South Africans are carnivores who prefer their meat ‘pure’ – many will turn up their noses at barbecuing processed sausages and burger patties.
The only acceptable sausage is boerewors – literally meaning ‘farmer’s sausage’ which is made from various meats – it can be a combination of beef and pork, but can also incorporate warthog, and various types of local antelope. Get the recipe here.
Grilled Wagyu Beef
Wagyu beef is highly desirable because of its fat-marbled meat making it more tender and tastier. The Wagyu cattle originate from Japan, but are becoming popular in countries like the US where Wagyu cattle must conform to the standards set by the American Wagyu Association.

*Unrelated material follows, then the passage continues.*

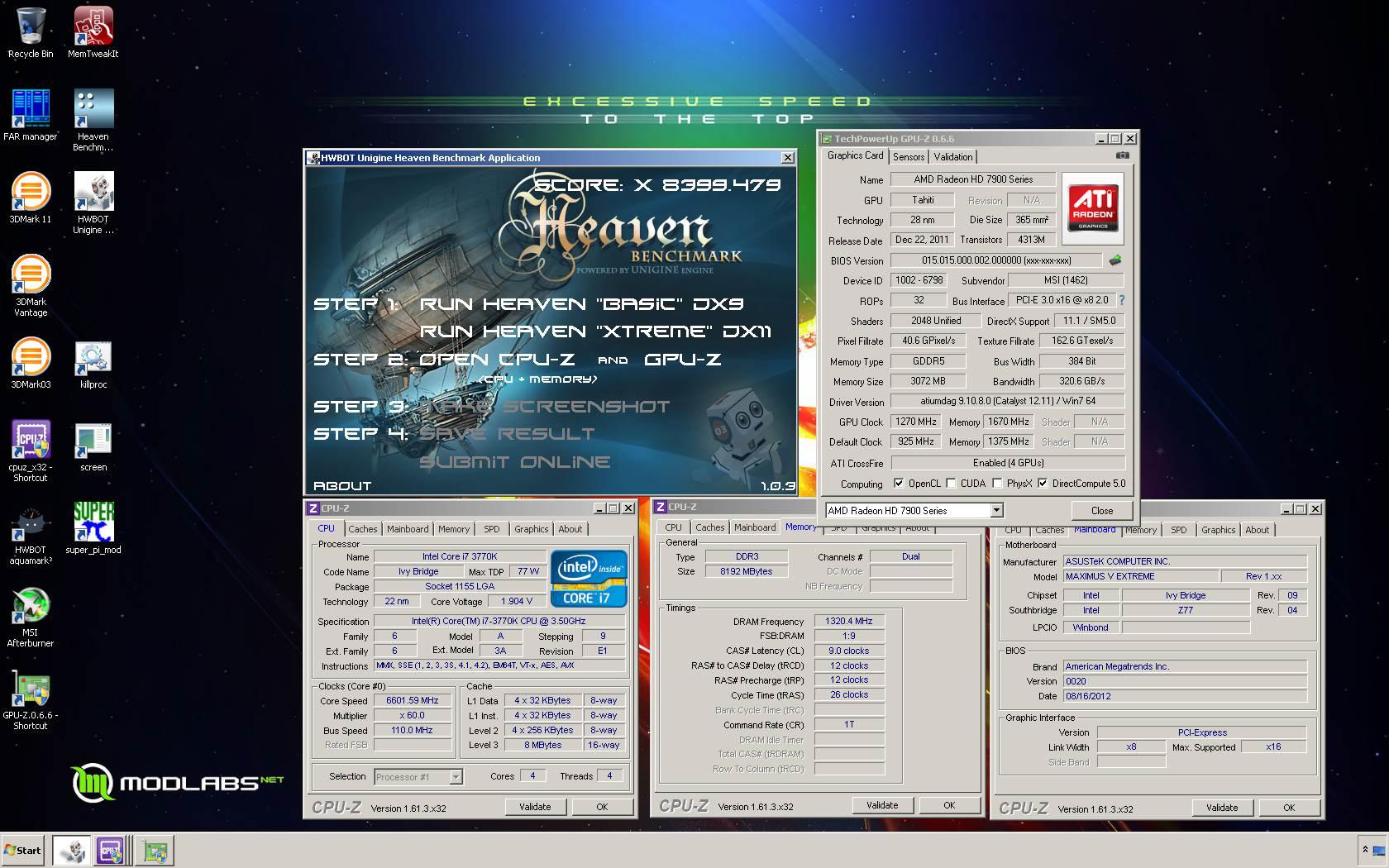 Сегодня в наше поле зрения попал оверклокер Mtech, получивший лучший результат в Unigine Heaven (Extreme Preset, DirectX 11) с использованием четырёх графических процессоров. В данном случае это квартет видеокарт MSI Radeon HD 7970 Lightning, компанию которым составила материнская плата ASUS Maximus V Extreme и процессор Intel Core i7-3770K.

The meat is also higher in omega 3 and omega 6 than other beef. Get the recipe here.
Grilling T-Bone Steak
I once went to a barbeque where the young host treated his guests to his barbecued meat. It was one of those events where we were all seated around the fire, the music pounding while the chef plied us with more of his offerings.
The steak was so tough the guests couldn’t not eat it so his dog received plenty of surreptitious offerings in the dark! The man was so overjoyed with his cooking ‘skills’ that none of us had the heart to tell him his steak was virtually inedible!
Steak on the barbecue has to be perfected – from the heat of the flame to the correct choice of meat, marinade and maturing as well as the ‘resting period’ after removing the steak from the flames, and there are some good tips here.
Homemade Turkish Meatballs
Ground beef combined with various spices can be cooked in a skillet over an open fire. But there is a little secret to creating melt in the mouth meatballs, and this recipe shows you how.
Serve with campfire pita bread (see the bread section of this article) and a selection of campfire roasted vegetables. Get the recipe here.
Easy Grilled Chicken
The balsamic lemon herb marinade is the secret to getting this boneless, skinless chicken breasts succulent. It’s a marinade with lots of herbs, but easy to put together. All you need is time to allow the chicken to soak in the marinade for between one hour to overnight.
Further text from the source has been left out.